Hanahaki is slow, but the war speeds it up. He wakes every morning to his master doubled over, choking on broken stems and thorns. Sometimes there’s blood, when the thorns tear his throat. It stains his lips pretty pink, like the cherry blossoms he used to cough up. A flower from Qui-Gon’s homeworld, he finally admits, several months later.

Anakin looks at the stems, the thorns, and tries to piece together Obi-Wan’s mysterious, unrequited love. But there are too many thorned flowers in the archives, and he’s yet to see the color of the petals to narrow his search.

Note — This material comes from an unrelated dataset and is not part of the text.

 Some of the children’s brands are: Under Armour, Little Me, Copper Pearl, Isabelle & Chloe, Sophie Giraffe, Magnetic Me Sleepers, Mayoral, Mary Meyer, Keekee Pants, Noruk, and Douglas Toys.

He gives up for now, but not for good. When he finds out who it is, he’s going to make them love Obi-Wan, even if he has to use the Force to do so.

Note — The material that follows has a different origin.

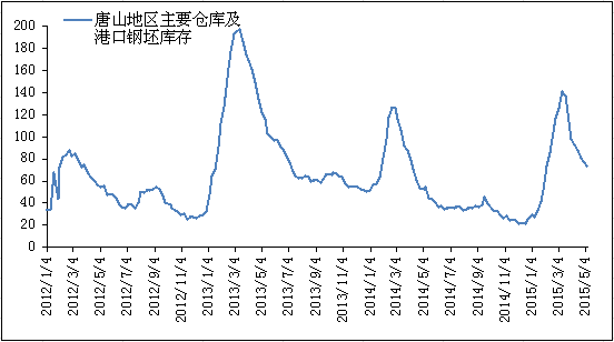 圖3 唐山地區(qū)主要倉庫及港口鋼坯庫存走勢圖

“It’s unfair,” he tells Padmé one night, on one of his rare retreats from the war. “Why won’t he just get the surgery?”

“You can’t tell someone how to love, Ani,” she says sweetly, her hand on his flesh arm. “If you were dying and forgetting me could save you, would you?”

“Of course not,” he says immediately. “I’d die first.”

“Then why should it be any different for Obi-Wan?”

—

He tries opening up to Obi-Wan after that. He tells him about Padmé and is surprised to find that he already knew. It’s easier now, without so many secrets between them. Except the one. He wishes it could’ve been like this throughout his Padawanship. It’s cruel that it comes now, at the end, when Anakin is matured and their friendship strong.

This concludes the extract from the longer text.